Here’s how writing looked to me today: I cleaned bird poop off the front door, put away yesterday’s laundry, and organized the refrigerator. This may look like procrastination but it is actually an essential part of my process—my Walking Around Time. At some point in any writing project, my juices turn to sludge and my writing looks like goop on the page. Walking Around Time gives me a chance to process.
I am writing a memoir about the forest fire at our Colorado cabin two years ago. It’s an ongoing narrative of fire, flood, and traumatized human and animal survivers. I hope the book and the reality it chronicles will find some resolution this summer. Meanwhile I am still trying to process last summer, assessing what actually happened and wondering which details advance the story and which ones just sit on the page asking how they got there and what they’re supposed to be doing.
Does anybody care that we got a flat tire at night on an unimproved county road with no cell service and a non-working tire jack? Is that the essential metaphor for our lives since the fire? Or is it just, I don’t know, dumb?
So I am walking around. Sometimes that looks like plain-old, generic procrastination, and sometimes it is. As a writer and a writing professor, I have learned that time off task can be just the boost the writer needs. That shelving the problem in our mental attic opens the door to fresh thoughts, new solutions.
Today I troll Facebook. Hugable baby pictures, tantalizing food, and the rest of the world is going to hell. A typical day. I learn that the animal I am most like is a tiger shrimp. OK, then. I wonder what the data miners in their virtual caves learned from me in this little exercise. That I am likely to stay in my burrow on a Friday night? Or that I like bright colors? And I’m apparently a cannibal because my favorite snack is seafood?
Will they learn that I am a writer who is stuck in her story?
Good writers need to occasionally stop and mentally inhale. We need to run things around in our minds to finally see that what we thought was a story arc is actually a ponderous wall of words that smacks the reader in the face and encourages her to do something, anything, rather than read our work.
Writers are mostly solitary, not ready to share our words until we think they are as polished as a Prius on the showroom floor. And we know the only way to get there is to write one damn word after one damn another.
The late David Carr, New York Times media critic, said the best advice he ever received was to “keep typing until it looks like writing.”

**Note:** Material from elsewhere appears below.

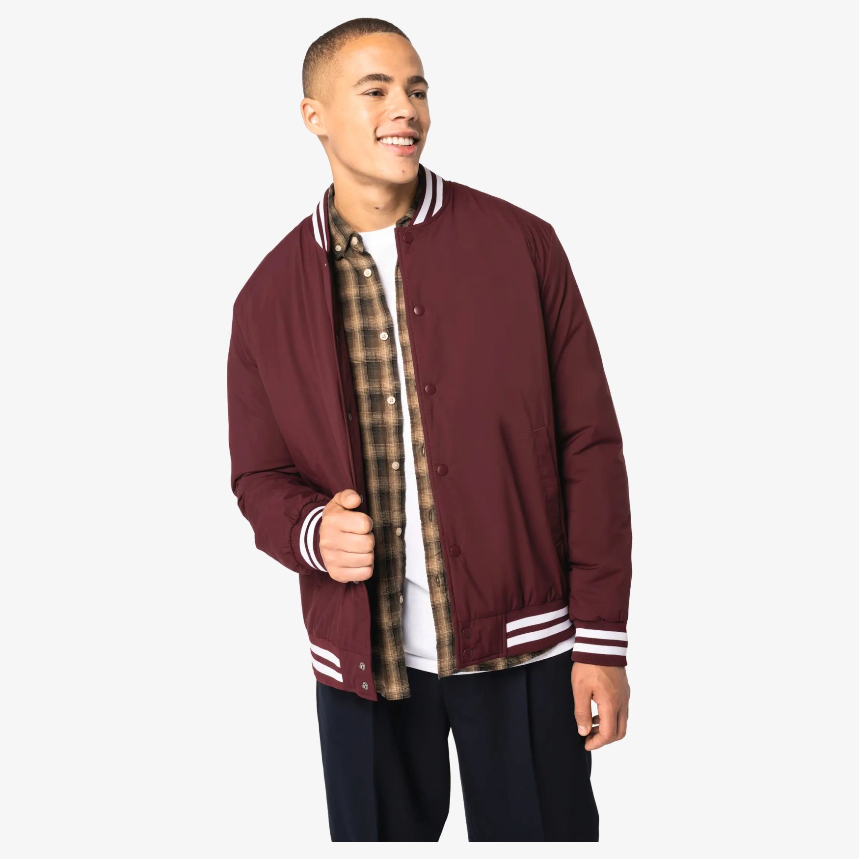 La chaqueta teddy acolchada es una chaqueta teddy acolchada de corte estándar, con cuello teddy y cierre de botones a presión. El tejido repelente al agua y el forro acolchado son adecuados para un uso diario, con bolsillos delanteros y bolsillo interior con cremallera.

He’s right of course, but like all great truths, this one is sort of a royal pain in the neck. It also has exceptions, times when typing just looks like typing.
A writer I follow on Facebook recently posted that she needed to vent because her memoir sequences weren’t making sense. She asked what other writers did, how they did it, why, who they read. Commenters suggested she print it out, put it on the floor, and see how it looks. Use index cards for key points. Read authors who also write non-chronologically. It was a helpful discussion for her—she was headed to the bookstore—and it reinforced that what my memoir needs right now is a break.
Also, that I should read Thomas Page McBee’s Man Alive, Heidi Julavits’ The Folded Clock, and Lidia Yuknavitch’s Chronology of Water. (A+ on titles, by the way.)
So for today the memoir is breathing, its cork off. My Walking Around Time has been fruitful. I’ve already figured out the flat tire and made notes on where I am going before and after that. I’ve walked and thought and processed and turned into a shrimp. My front door, laundry, and refrigerator are clean, my mind is ready to go, and the words are coming back.